Ayla could hardly look at Reuben as she spoke the age-old words. Still, out of the corner of her eye, she saw the smoldering, devilish look he gave her from below, a look that made her think that maybe for him, just maybe, there was nothing platonic about this part of the oath. He gently pressed her hands. Oh, dear Lord…
“I do,” he said, and Ayla thought she might faint from his voice alone.
Dear Lord, could it be…?
“Do you swear,” she continued a little unsteadily, feeling Burchard's gaze drilling into the back of her head, “to love what I love, and hate what I hate?”
“I do.”
“Do you swear that your sword arm will always be at my disposal?”
Reuben winked. “That, and all the rest of me.”
Ayla turned puce. That was definitely not the conventional answer for the question, but she would have to be lying if she said she didn't like to hear it very much. Breathless, she continued, “Then I accept you as my vassal. From this day forth, I am your liege lord, and I bestow unto you, as is my right as overlord in the absence of other heirs, the lands and titles of Sir Isenbard von Riffgarten, my loyal vassal who has passed away.”
Letting go of his hands, Ayla picked up a symbolic bowl of earth with a little twig from an apple-tree planted in the middle and handed it to Reuben, who took it with great care.
“I am entrusting my land and my people to you, Sir Reuben,” she said, fixing him with her eyes, her heart beating fast. “Earth and life both are under your care, now. I pray that you shall prove yourself worthy of my trust.”
Reuben took the bowl reverently and bowed
his head. When he looked up again, there was that devilish look in his gray eyes again that made Ayla’s bones feel weak.
“I will prove myself worthy, Milady. That I swear by the honor I do not have.”
A few people in the crowd threw confused glances at each other. Surely they had heard incorrectly?

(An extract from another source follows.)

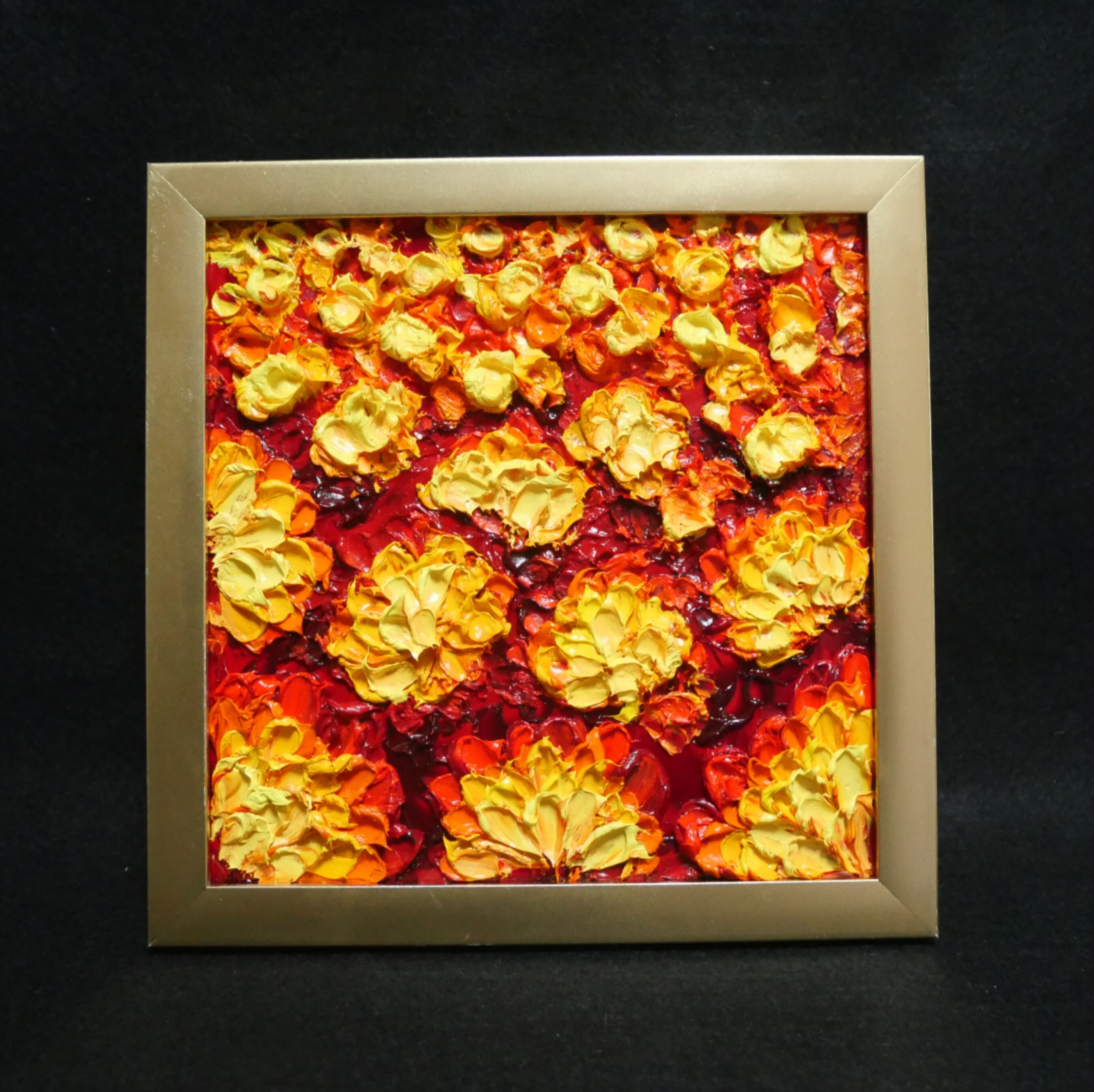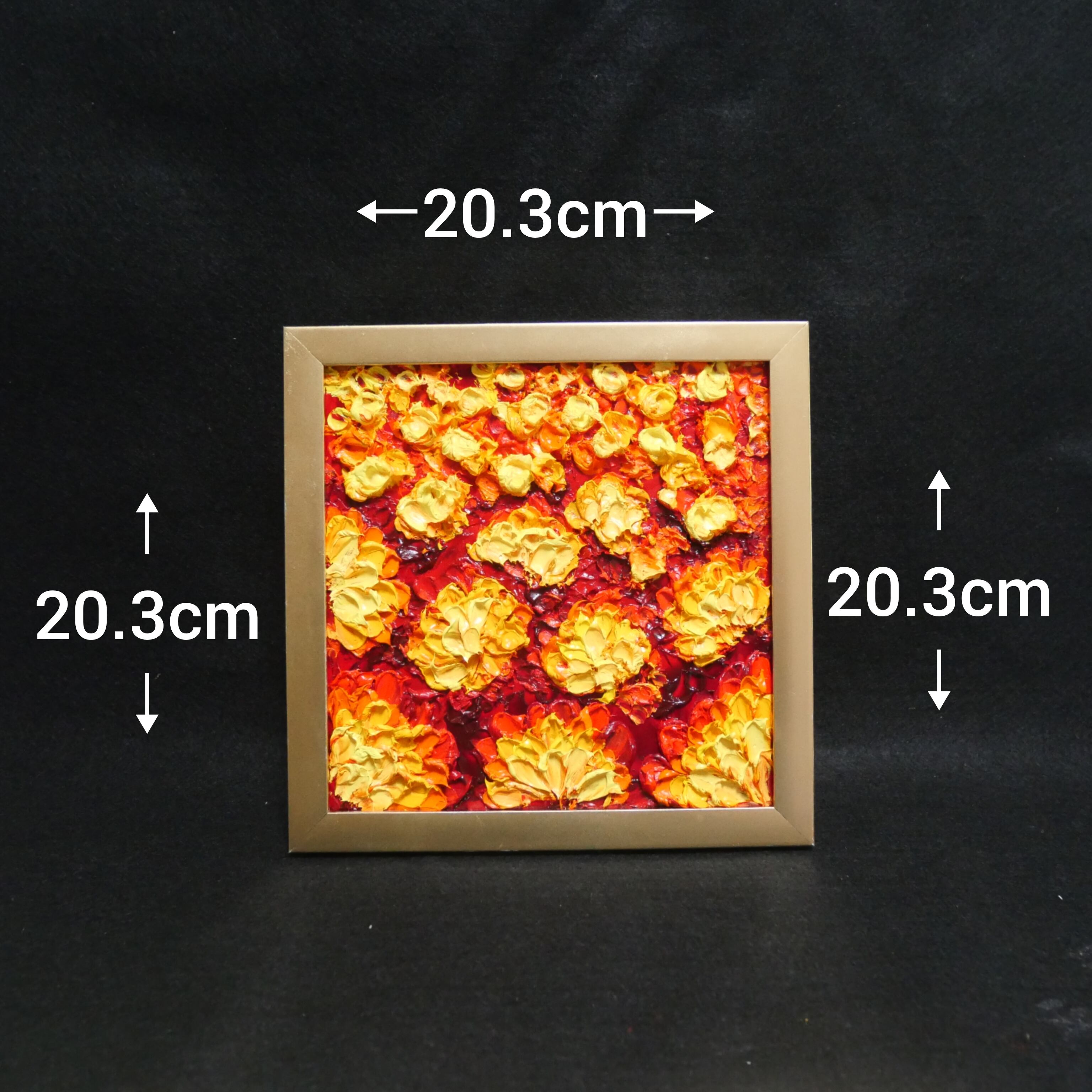 マリーゴールドの花々が描かれたミニ絵画です。お部屋を華やかに彩ります。

Ayla stepped on Reuben's foot.
“Shut up,” she hissed so low she hoped nobody else could hear. “This is supposed to go smoothly! None of your nonsense here, understood?”
“How could I disobey you?” he whispered back. “I'm sworn to obey you, now. I have to do everything you tell me.”
Ayla's throat went dry. The way he said that…
“So?” He grinned the most lascivious of lascivious grins. “What should I do for you?”
“Rise, Sir Reuben,” she commanded.
He stood up. His smoldering gaze didn't leave her face. “Erect enough for you?” he asked in a very low voice when he was completely upright.
Ayla frowned. “Err…yes?”
He shook his head, smirking. “You don't even get my jokes. We'll have to work on that.”
From the way Burchard had appeared beside her with a face as red as bloody beef and a bristling mustache, Ayla gathered that he, at least, had gotten Reuben's joke.
“That concludes the ceremony,” she said hurriedly, stepping in between Reuben and Burchard. “My people, are you pleased with my choice?”
There was a moment of silence - then an explosion of sound hit. Innumerable shouts of “Yay,” “Hooray,” and “Long live Lady Ayla!' went up in the crowd. Almost all of the gathered people were staring at Reuben's massive figure, at the meat cleaver of a sword at his hip, with a sort of desperate hope. Ayla felt almost as though she could read their minds, because she had been thinking similar thought often enough lately: “If he cannot save us, nobody can.”
*~*~**~*~*
“…and Falkenstein's men have not moved for an attack so far. It seems they have reverted to their original intention of starving us,” the scout ended his report. Ayla slumped back in her chair.
“Which will work just fine if no miracle comes along and saves us,” she muttered. “In a few weeks, we’ll be dead.”